Instructions to follow: Each entry that follows should be set down precisely, with its pictures removed.

Records from a dataset:
##############################

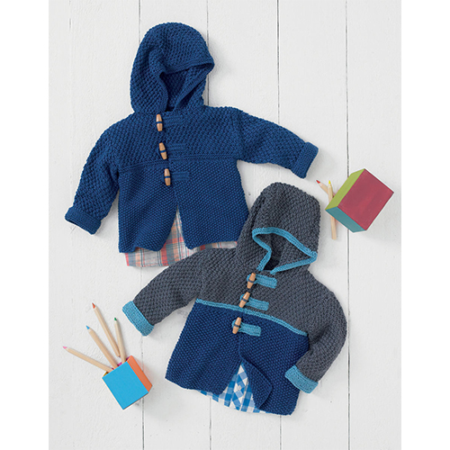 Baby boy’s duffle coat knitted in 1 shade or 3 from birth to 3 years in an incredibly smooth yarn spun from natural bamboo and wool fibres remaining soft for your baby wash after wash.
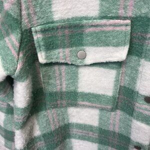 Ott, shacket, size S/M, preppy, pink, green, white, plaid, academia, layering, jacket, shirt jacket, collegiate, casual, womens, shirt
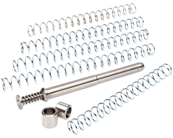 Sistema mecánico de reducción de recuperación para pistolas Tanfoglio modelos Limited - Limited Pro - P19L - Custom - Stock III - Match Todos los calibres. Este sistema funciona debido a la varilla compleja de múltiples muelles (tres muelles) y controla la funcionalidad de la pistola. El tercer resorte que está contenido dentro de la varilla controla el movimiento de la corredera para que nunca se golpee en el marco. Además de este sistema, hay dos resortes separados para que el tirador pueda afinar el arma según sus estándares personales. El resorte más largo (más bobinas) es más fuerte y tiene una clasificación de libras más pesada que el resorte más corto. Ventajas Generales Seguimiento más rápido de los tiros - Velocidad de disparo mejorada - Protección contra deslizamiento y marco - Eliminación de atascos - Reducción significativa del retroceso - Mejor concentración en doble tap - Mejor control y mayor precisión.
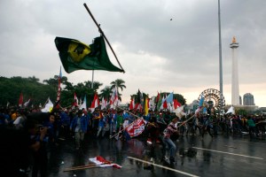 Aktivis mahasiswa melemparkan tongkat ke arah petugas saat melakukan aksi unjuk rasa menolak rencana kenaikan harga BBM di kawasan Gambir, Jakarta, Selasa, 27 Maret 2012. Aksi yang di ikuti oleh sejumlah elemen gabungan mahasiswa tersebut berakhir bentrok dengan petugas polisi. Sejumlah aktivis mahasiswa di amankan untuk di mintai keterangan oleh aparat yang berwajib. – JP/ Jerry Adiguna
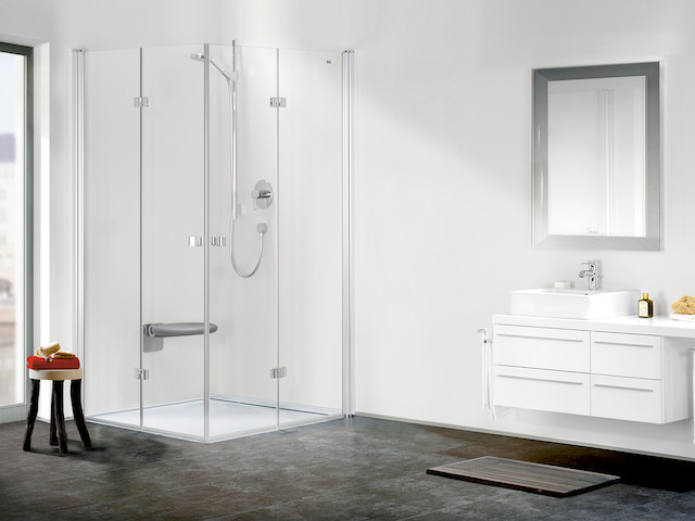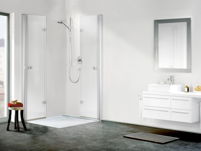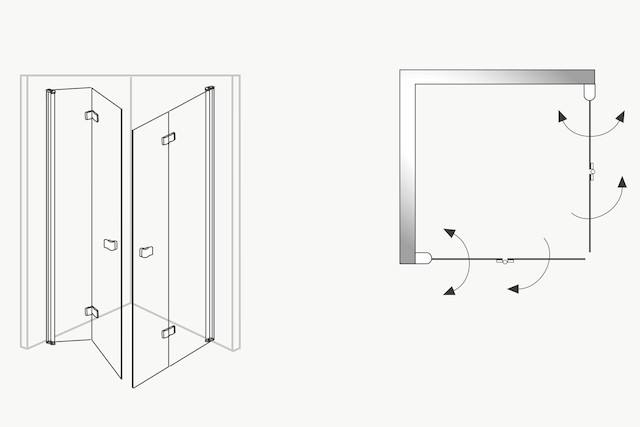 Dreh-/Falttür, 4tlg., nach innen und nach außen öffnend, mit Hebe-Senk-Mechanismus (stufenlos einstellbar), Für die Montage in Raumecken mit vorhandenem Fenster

##############################

Exercise solution:
 Baby boy’s duffle coat knitted in 1 shade or 3 from birth to 3 years in an incredibly smooth yarn spun from natural bamboo and wool fibres remaining soft for your baby wash after wash.
 Ott, shacket, size S/M, preppy, pink, green, white, plaid, academia, layering, jacket, shirt jacket, collegiate, casual, womens, shirt
 Sistema mecánico de reducción de recuperación para pistolas Tanfoglio modelos Limited - Limited Pro - P19L - Custom - Stock III - Match Todos los calibres. Este sistema funciona debido a la varilla compleja de múltiples muelles (tres muelles) y controla la funcionalidad de la pistola. El tercer resorte que está contenido dentro de la varilla controla el movimiento de la corredera para que nunca se golpee en el marco. Además de este sistema, hay dos resortes separados para que el tirador pueda afinar el arma según sus estándares personales. El resorte más largo (más bobinas) es más fuerte y tiene una clasificación de libras más pesada que el resorte más corto. Ventajas Generales Seguimiento más rápido de los tiros - Velocidad de disparo mejorada - Protección contra deslizamiento y marco - Eliminación de atascos - Reducción significativa del retroceso - Mejor concentración en doble tap - Mejor control y mayor precisión.
 Aktivis mahasiswa melemparkan tongkat ke arah petugas saat melakukan aksi unjuk rasa menolak rencana kenaikan harga BBM di kawasan Gambir, Jakarta, Selasa, 27 Maret 2012. Aksi yang di ikuti oleh sejumlah elemen gabungan mahasiswa tersebut berakhir bentrok dengan petugas polisi. Sejumlah aktivis mahasiswa di amankan untuk di mintai keterangan oleh aparat yang berwajib. – JP/ Jerry Adiguna
 Dreh-/Falttür, 4tlg., nach innen und nach außen öffnend, mit Hebe-Senk-Mechanismus (stufenlos einstellbar), Für die Montage in Raumecken mit vorhandenem Fenster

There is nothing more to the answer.